El 2 de marzo de 1977, Shirley Vian, de 26 años, estaba con sus tres hijos –dos varones y una nena de menos de seis años– cuando sonó el timbre. El mayor de los chicos abrió y Rader lo empujó con la mano izquierda mientras empuñaba un revólver con la derecha. Primero encerró a los chicos en el baño y después ató a la madre a una silla, le dijo que la mataría primero a ella y después a sus hijos, y finalmente la estranguló. Recién entonces le puso una bolsa de plástico al cadáver.

Años más tarde, en el juicio, Rader relató que estaba listo para matar a los chicos, pero se asustó cuando sonó el teléfono y escapó.

El 8 de diciembre de ese mismo año volvió a matar. A las 9 de la noche entró subrepticiamente al departamento de Nancy Fox, de 25 años. La amenazó con un revólver, la llevó a la cama y la ató con sogas. Después se le subió encima y la estranguló con las medias.
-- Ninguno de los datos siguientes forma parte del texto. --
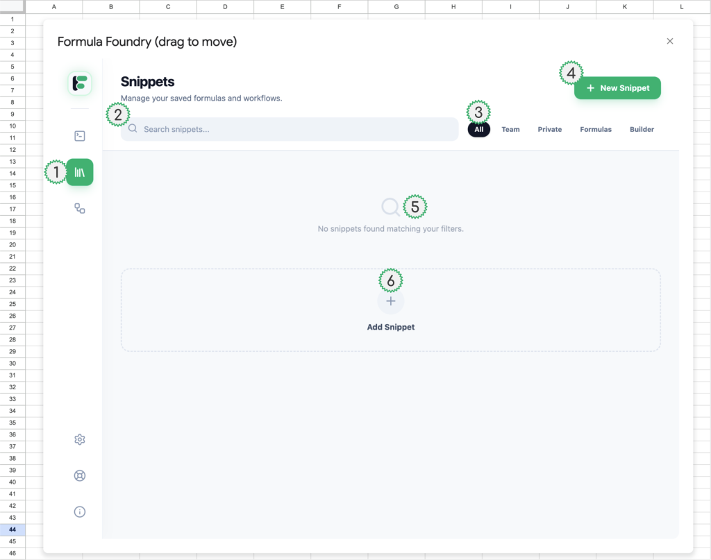 - Button to create a new Snippet
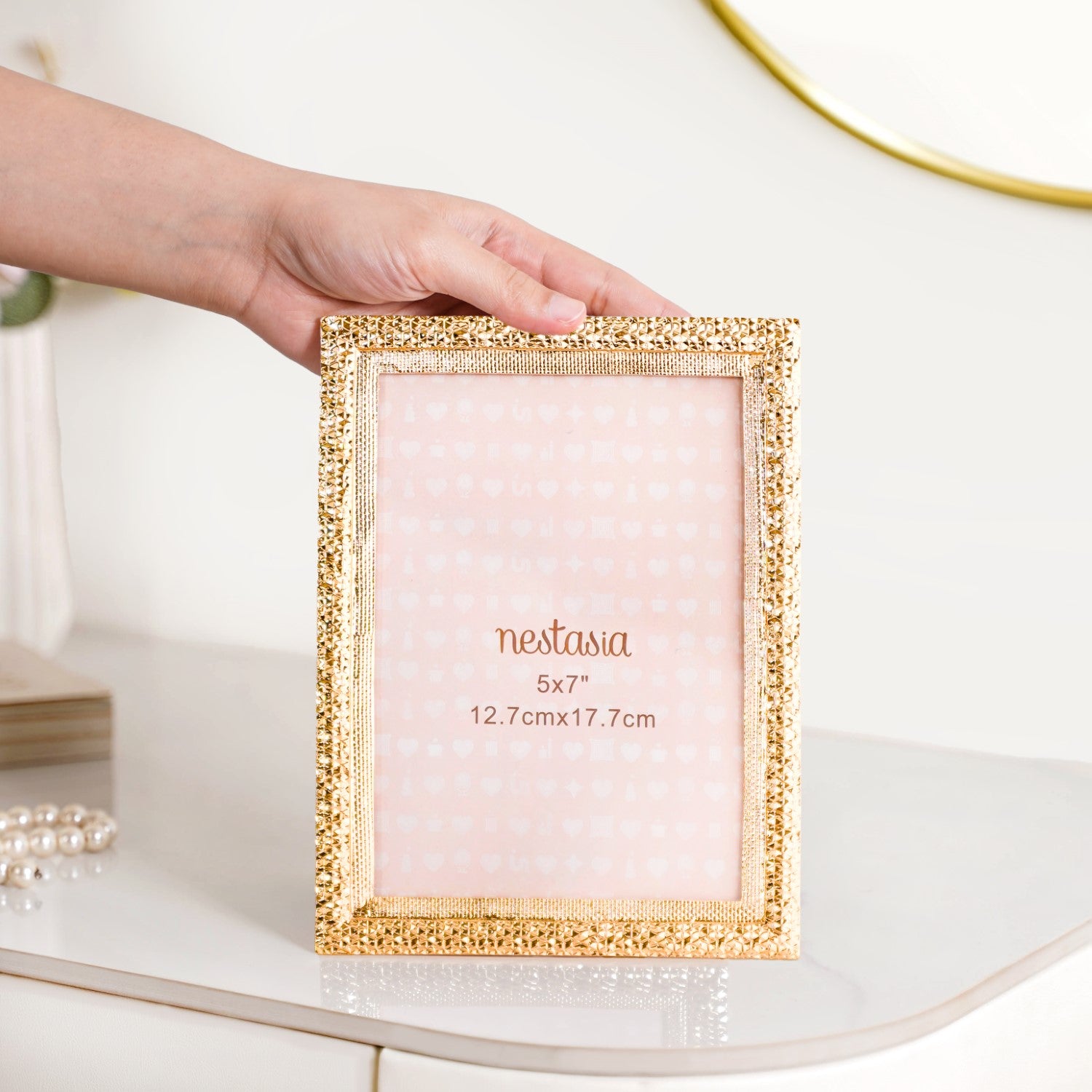 Design: Crafted from premium-quality metal, this photo frame showcases a striking lattice-inspired pattern that beautifully borders your photograph. The polished gold finish exudes warmth and sophistication, making it a statement piece in any decor. It securely holds a standard 5x7" photo behind a clear acrylic cover for lasting brilliance and protection. The frame’s velvet-lined back includes durable rotatable hooks for flexible wall display and a strong easel stand for tabletop placement.
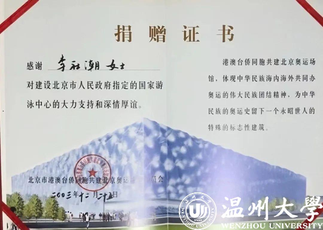 2003年,李社潮回温州参加第一届世界温州人大会,其间她和来自世界各国的华侨代表拜访中欧网页版,还参加了温大召开的座谈会。在自由发言时,李社潮表示非常敬仰老华侨,他们在温大创校之初给予了大力支持和帮助,“温大能有今天的建设和成绩,是几代温大人共同努力的结果!”
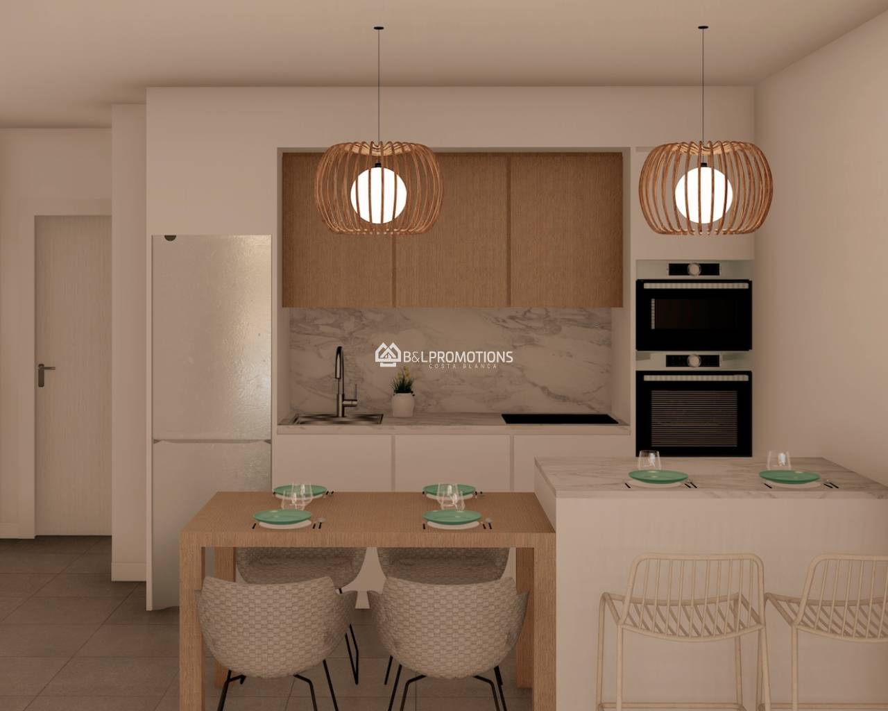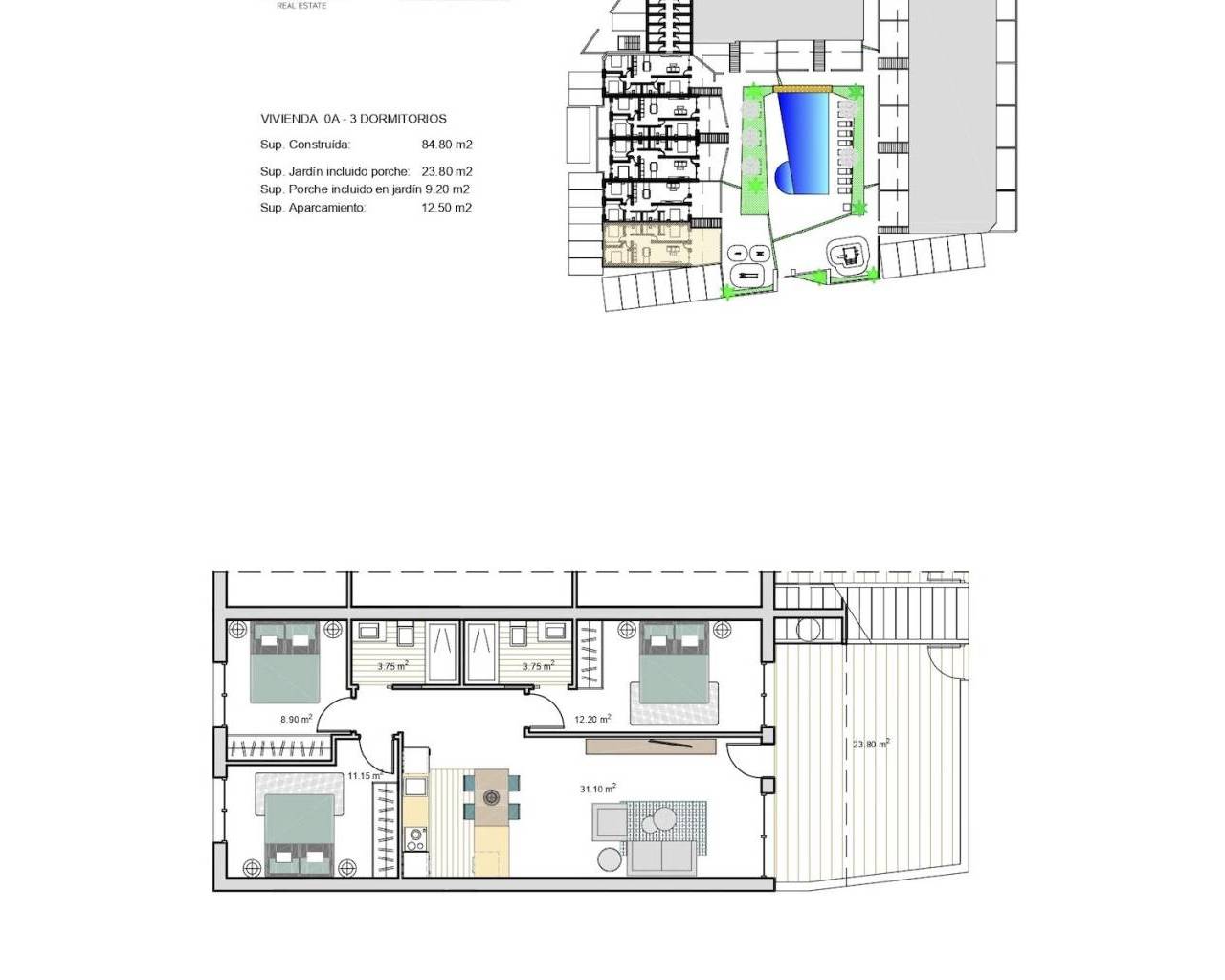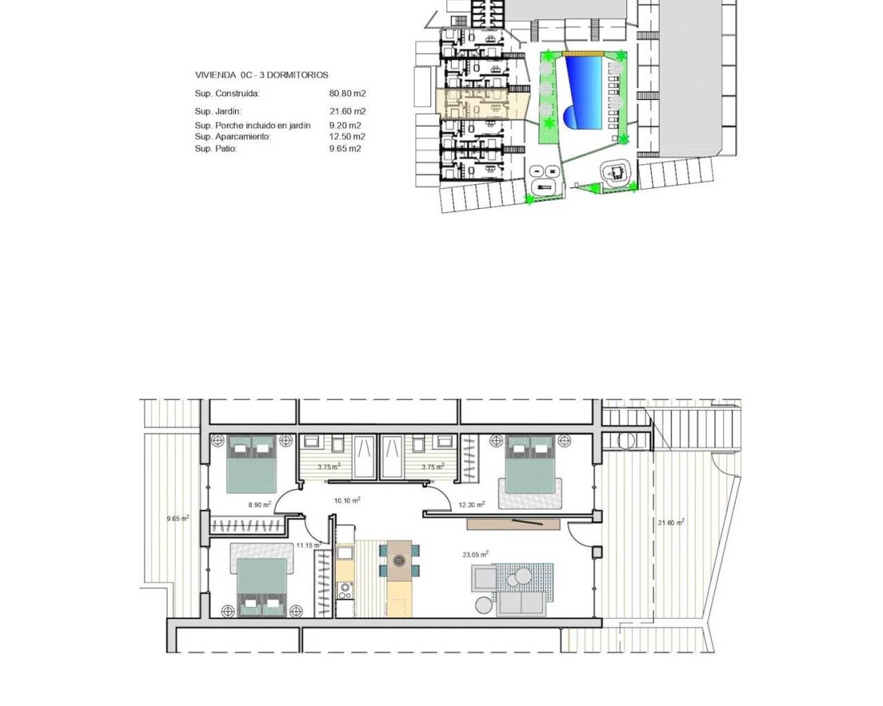 Alle Wohnungen befinden sich im Erdgeschoss und bieten 3 Schlafzimmer, 2 Badezimmer, ein helles, geräumiges Wohnzimmer mit offener Küche sowie eine großzügige Terrasse – perfekt, um das mediterrane Lebensgefühl zu genießen. Ein privater Stellplatz ist ebenfalls inbegriffen.
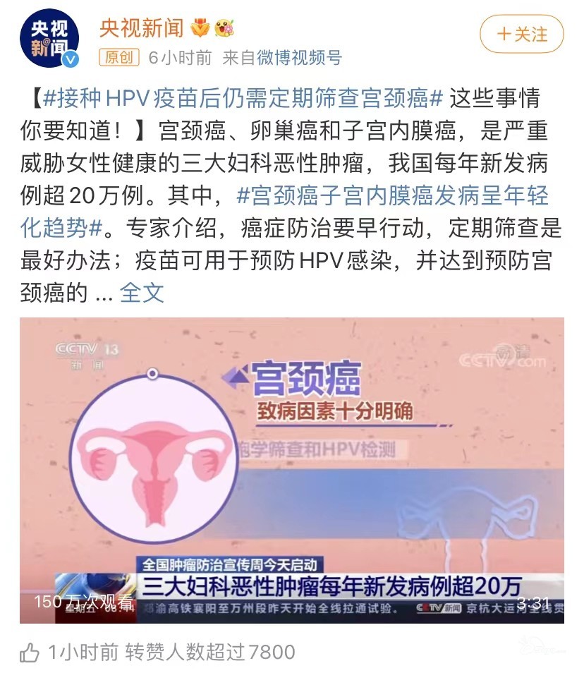 这两天看到说九价三针可以打一针,但打了疫苗也要定期做筛查!
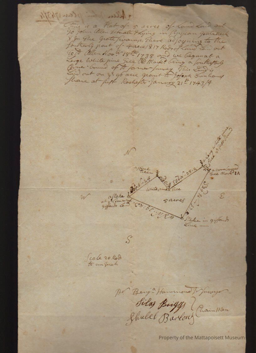 Plan of land containing 5 acres laid out to John Allen in Sippican Grate Neck. Benjamin Hammond Jr., surveyor.Collection
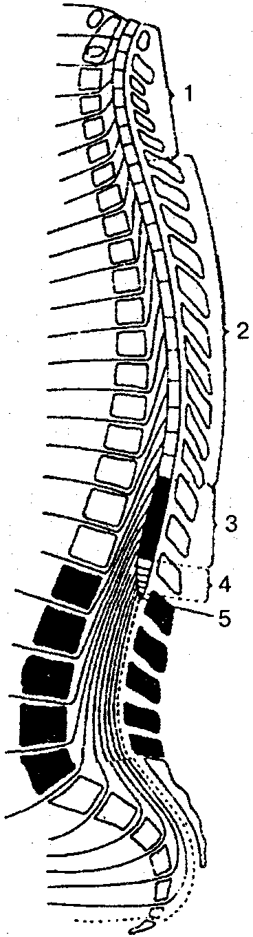 1 — шейные сегменты (1—8), шейная часть; 2 — грудные сегменты (1—12), грудная часть; 3— поясничные сегменты (1—5), поясничная часть; 4— крестцовые сегменты (1—5), крестцовая часть; 5— копчиковые сегменты (1—3), копчиковая часть
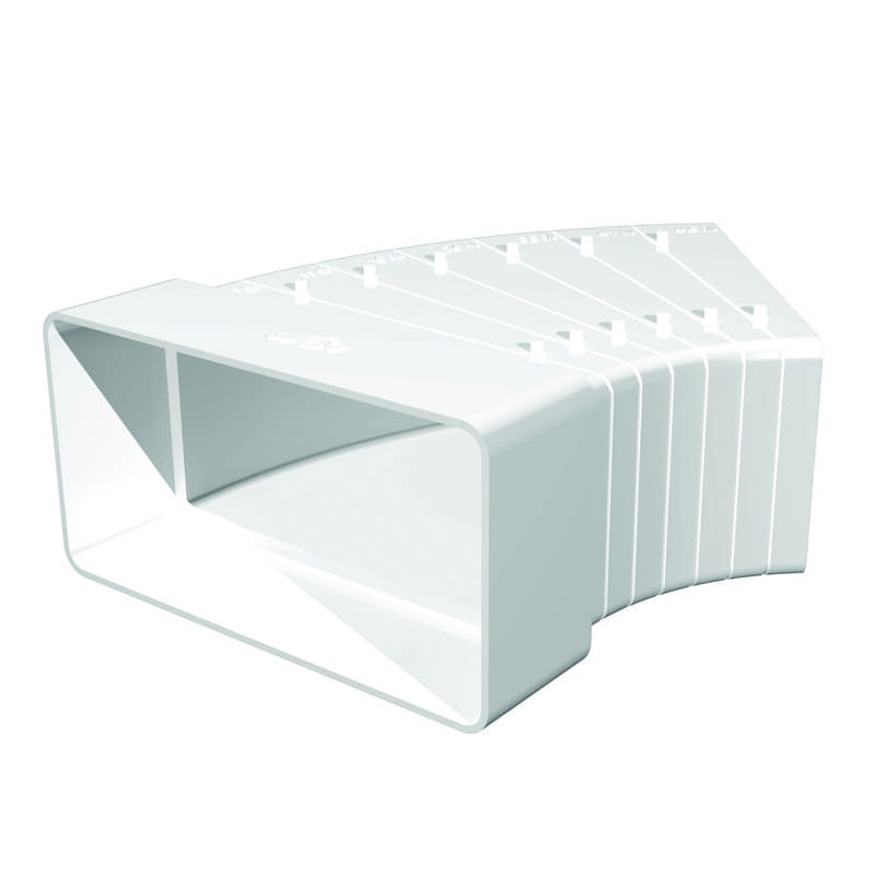 Колено разноугловое горизонтальное ERA 511КРП предназначено для соединения воздуховодов соответствующего сечения под углом от 3° до 48°. В зависимости от выбранного угла одна сторона соединителя подрезается. C каналами соответсnвующего сечения соединяется напрямую.

Sería la última señal de la existencia de BTK en ocho años.

Recién en abril de 1985 Rader volvió a atacar e inició una nueva serie de asesinatos, los tres últimos de su carrera. Con el mismo modus operandi de siempre, el 27 de abril ató, torturó y mató a Marine Hedge, de 53 años; el 16 de septiembre de 1986 mató a Vicki Wegerle, de 28 años. Finalmente, en enero de 1991, asesinó a Dolores Davis, de 62 años.

Después de cada crimen, envió cartas a la policía adjudicándose los asesinatos y firmando BTK. En la última, se burló de los investigadores, dijo que nunca podrían capturarlo y aseguró que no volvería a asesinar.

 

La soberbia lo perdió

La policía había renunciado a buscarlo y él no estaba dispuesto a renovar su raid criminal. Así pasaron 13 años, hasta que enero de 2004, un diario de Kansas publicó un artículo sobre el 30° aniversario del cuádruple asesinato de la familia Otero, donde se decía que, aunque el caso seguía sin resolverse, “ya nadie se acuerda del asesino BTK”.

Por alguna razón, esa frase hirió el ego de Rader. Como respuesta comenzó a enviar paquetes con “recuerdos” que había guardado de las escenas de sus crímenes: identificaciones de las víctimas y fotografías de los asesinatos.

Fue uno de estos paquetes el que lo perdió. Contenía un disquette con fotografías de un crimen, pero en lugar de utilizar uno nuevo para grabar las fotos, Rader uso uno borrado sin percatarse que se le había escapado suprimir un archivo de Word guardado como “Dennis–Iglesia Luterana”.

Lo detuvieron y la comparación de su ADN y muestras de piel debajo de las uñas de una de sus víctimas no le dejó escapatoria. Dennis Rader era el asesino BTK.

Confesó diez asesinatos, a los que describió con lujo de detalles, y le dieron otras tantas condenas a prisión perpetua. Se salvó de la pena de muerte porque su último crimen databa de 1991 y la pena de muerte fue reinstaurada en Kansas recién en 1994.